------ Data provided

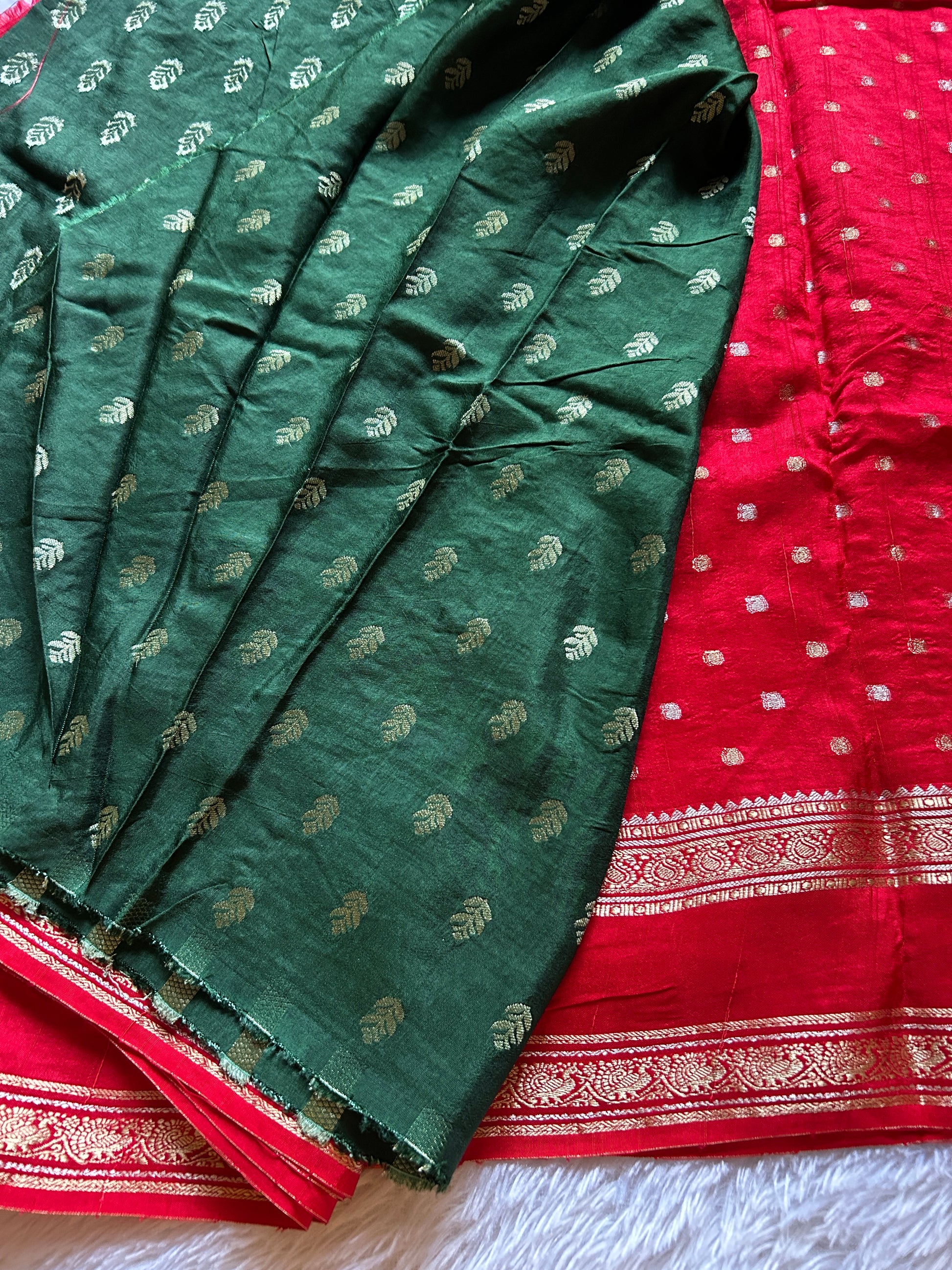 Elevate your ethnic wardrobe with this striking red semi-crepe silk saree, meticulously crafted for the discerning wearer. The fabric showcases delicate zari buttas scattered throughout, creating an understated yet sophisticated allover pattern. A distinctive gap border enriched with intricate zari work frames the pallu beautifully, adding architectural elegance to your drape. Complementing the ensemble is a dark green blouse piece adorned with matching zari buttas, offering versatile styling options. The semi-crepe texture provides a refined drape while maintaining structural integrity, making this piece ideal for both festive occasions and refined celebrations. A timeless investment in traditional craftsmanship.
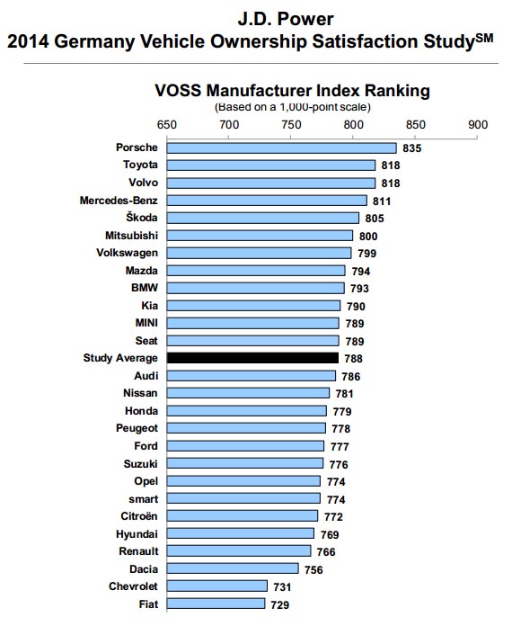Στην Έρευνα Ικανοποίησης Κατόχων που έκανε η J.D. Power για την αγορά της Γερμανίας, στις τρεις πρώτες θέσεις της κατάταξης ανά μάρκα βρέθηκαν οι Porsche, Toyota και Volvo, ωστόσο κάτω από το μέσο όρο τοποθετήθηκαν αρκετές Γερμανικές, Ιαπωνικές και Γαλλικές εταιρείες (βλ. αναλυτικούς πίνακες παρακάτω). Παράλληλα, στις δημοφιλέστερες κατηγορίες των μίνι, μικρών και μικρομεσαίων αυτοκινήτων τις πρώτες θέσεις κατέλαβαν τα μοντέλα Volkswagen up!, Toyota Yaris και SEAT Leon αντίστοιχα.
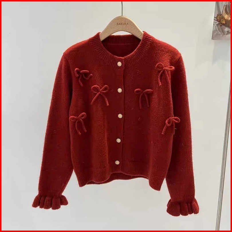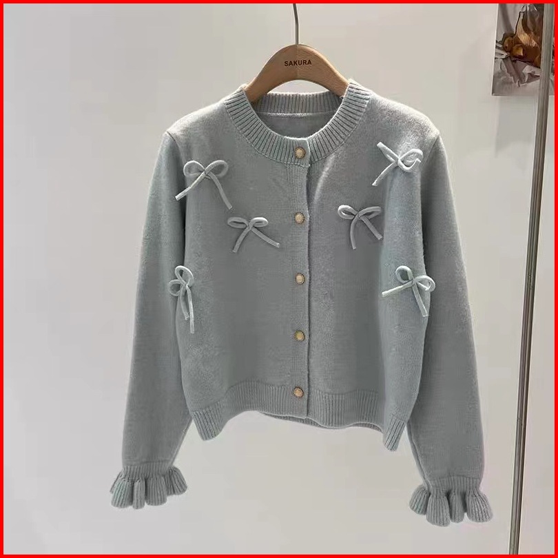 Joveline - Cardigan Pita Tangan Ruffle Kancing Mutiara Aaq1
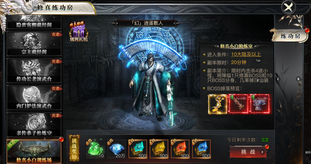 单人可闯“练功房”,刷取海量钻石和道具,给装备升级;有概率爆出高手装备,每天三次,每日必做副本!
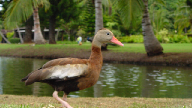 Blue-billed White-Terns were nesting in the trees in Foster Gardens. Here on is feeding its nearly fledged chick. It is passing it some sort of needlefish. Oahu 2007
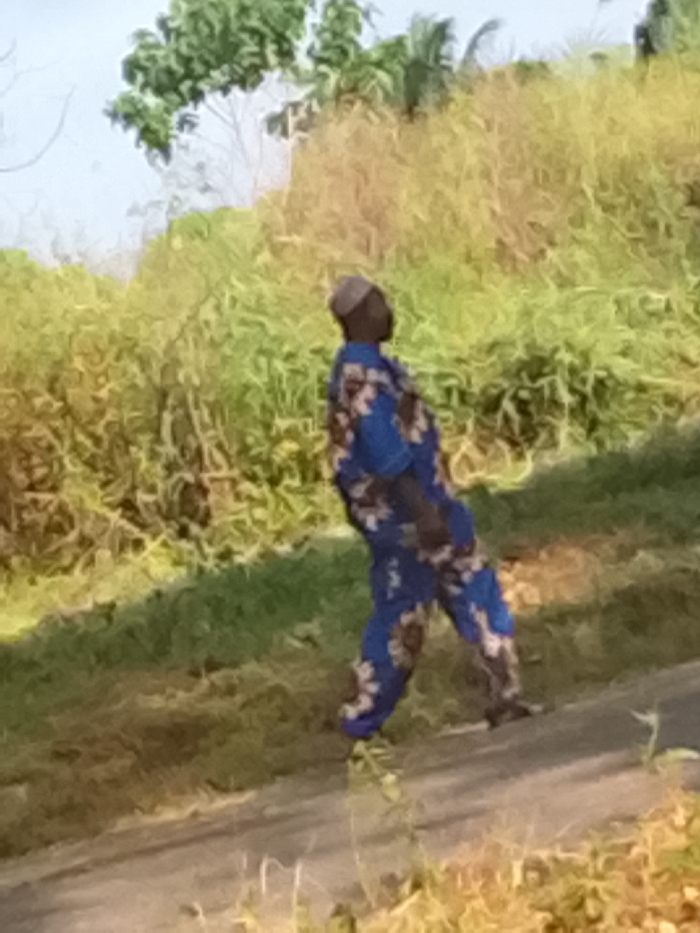 The image displays an outdoor scene in Ogbomosho, Nigeria, featuring a single adult male. The man, observed from a slightly elevated vantage point, is walking towards the right side of the frame, with his left leg extended forward and his right leg trailing. He wears a loose-fitting, full-body garment, predominantly blue with a repeating lighter-colored pattern, possibly floral or abstract. A light-colored cap covers his head, and dark footwear is visible on his feet. He is positioned on a dark-colored path or road segment that appears to be paved or compacted dirt, sloping gently downwards from left to right across the lower half of the frame. The background consists of dense, varied vegetation, featuring shades of green and yellowish-brown grasses and shrubs. Taller green trees are visible against a light blue to white sky in the upper background. No other individuals or objects are discernible, and no interactions are taking place.
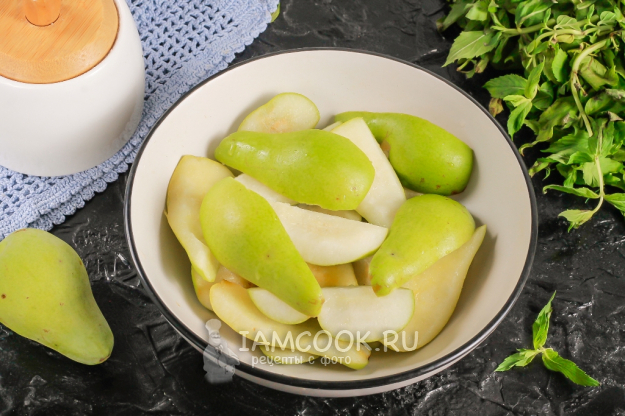 Зеленые груши промойте в воде и разрежьте на четвертинки. Из каждой из них вырежьте семенные блоки и потемневшие места, если таковые присутствуют.
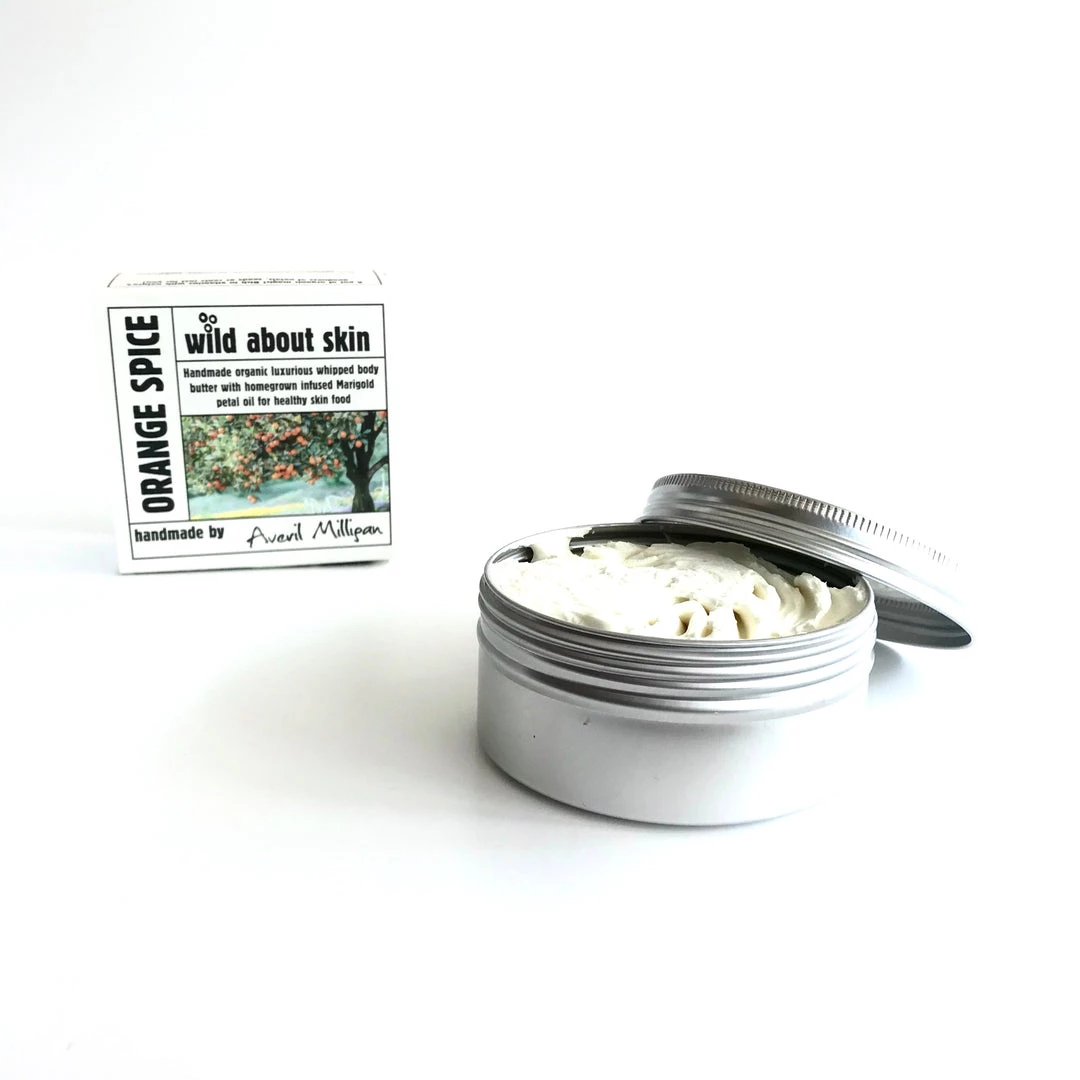 ORANGE SPICE Whipped Body Butter – with infused Marigold Petal Oil – for sensitive skin with no additives – totally organic and handmade.

------------

## Problem to work on:
Word for word, restate the lines from the one containing "Joveline - Cardigan" through the end of the entries. Do not include pictures.

## Response to the exercise:
 Joveline - Cardigan Pita Tangan Ruffle Kancing Mutiara Aaq1
 单人可闯“练功房”,刷取海量钻石和道具,给装备升级;有概率爆出高手装备,每天三次,每日必做副本!
 Blue-billed White-Terns were nesting in the trees in Foster Gardens. Here on is feeding its nearly fledged chick. It is passing it some sort of needlefish. Oahu 2007
 The image displays an outdoor scene in Ogbomosho, Nigeria, featuring a single adult male. The man, observed from a slightly elevated vantage point, is walking towards the right side of the frame, with his left leg extended forward and his right leg trailing. He wears a loose-fitting, full-body garment, predominantly blue with a repeating lighter-colored pattern, possibly floral or abstract. A light-colored cap covers his head, and dark footwear is visible on his feet. He is positioned on a dark-colored path or road segment that appears to be paved or compacted dirt, sloping gently downwards from left to right across the lower half of the frame. The background consists of dense, varied vegetation, featuring shades of green and yellowish-brown grasses and shrubs. Taller green trees are visible against a light blue to white sky in the upper background. No other individuals or objects are discernible, and no interactions are taking place.
 Зеленые груши промойте в воде и разрежьте на четвертинки. Из каждой из них вырежьте семенные блоки и потемневшие места, если таковые присутствуют.
 ORANGE SPICE Whipped Body Butter – with infused Marigold Petal Oil – for sensitive skin with no additives – totally organic and handmade.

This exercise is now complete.